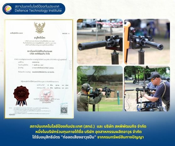 สทป. และ บริษัท สหพิพัฒนกิจ จำกัด หนึ่งในบริษัทร่วมทุนภายใต้ชื่อ บริษัท อุตสาหกรรมผลิตอาวุธ จำกัด ได้รับอนุสิทธิบัตร "ท่อลดเสียงอาวุธปืน" จากกรมทรัพย์สินทางปัญญา (วันที่ 4 ธันวาคม 2568)
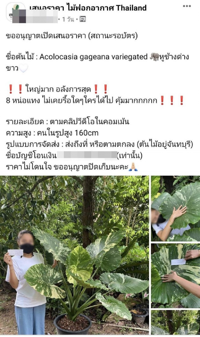 มีผู้ใช้เฟซบุ๊กรายหนึ่ง ได้มีการโพสต์เสนอราคา ขายต้นบอนหูช้างด่างขาว (Acolocasia gageana variegated) ลงในกลุ่มเฟซบุ๊ก เสนอราคา ไม้ฟอกอากาศ Thailand ที่มีสมาชิกอยู่ในกลุ่มมากกว่าสามแสนราย โดยทางผู้โพสต์ได้มีการระบุข้อความว่า
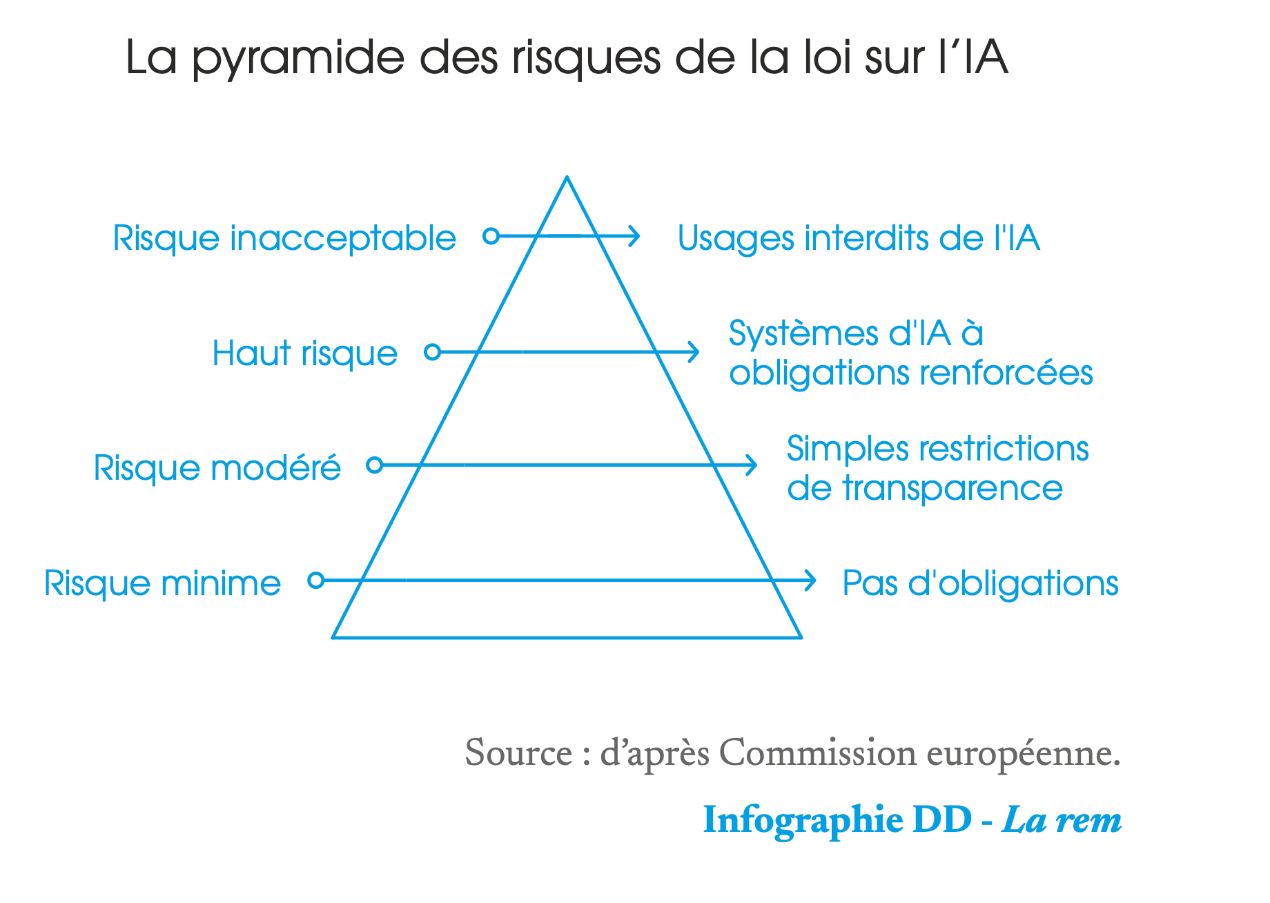 La loi distingue ainsi quatre types d’usages : les usages considérés comme inacceptables et donc interdits comme les systèmes de reconnaissance d’émotions déployés dans l’environnement de travail ou certaines formes de notation sociale7 ; les usages à haut risque (soumis à des obligations renforcées) que sont les systèmes d’IA utilisés dans la gestion d’infrastructures critiques ; les usages à risque modéré (sujets à de faibles restrictions de transparence) et les usages dont les risques sont considérés comme minimes. Les fondements même de cette architecture proposée par la Commission n’ont pas été contestés lors des négociations. L’essentiel des débats au sein du Parlement et du Conseil a résidé dans la définition du contenu et du champ de chacune de ces catégories, présentées régulièrement sous la forme de la pyramide des risques suivante.

---*---

Where a picture appears, skip it and copy the rest of the data word for word.

 สทป. และ บริษัท สหพิพัฒนกิจ จำกัด หนึ่งในบริษัทร่วมทุนภายใต้ชื่อ บริษัท อุตสาหกรรมผลิตอาวุธ จำกัด ได้รับอนุสิทธิบัตร "ท่อลดเสียงอาวุธปืน" จากกรมทรัพย์สินทางปัญญา (วันที่ 4 ธันวาคม 2568)
 มีผู้ใช้เฟซบุ๊กรายหนึ่ง ได้มีการโพสต์เสนอราคา ขายต้นบอนหูช้างด่างขาว (Acolocasia gageana variegated) ลงในกลุ่มเฟซบุ๊ก เสนอราคา ไม้ฟอกอากาศ Thailand ที่มีสมาชิกอยู่ในกลุ่มมากกว่าสามแสนราย โดยทางผู้โพสต์ได้มีการระบุข้อความว่า
 La loi distingue ainsi quatre types d’usages : les usages considérés comme inacceptables et donc interdits comme les systèmes de reconnaissance d’émotions déployés dans l’environnement de travail ou certaines formes de notation sociale7 ; les usages à haut risque (soumis à des obligations renforcées) que sont les systèmes d’IA utilisés dans la gestion d’infrastructures critiques ; les usages à risque modéré (sujets à de faibles restrictions de transparence) et les usages dont les risques sont considérés comme minimes. Les fondements même de cette architecture proposée par la Commission n’ont pas été contestés lors des négociations. L’essentiel des débats au sein du Parlement et du Conseil a résidé dans la définition du contenu et du champ de chacune de ces catégories, présentées régulièrement sous la forme de la pyramide des risques suivante.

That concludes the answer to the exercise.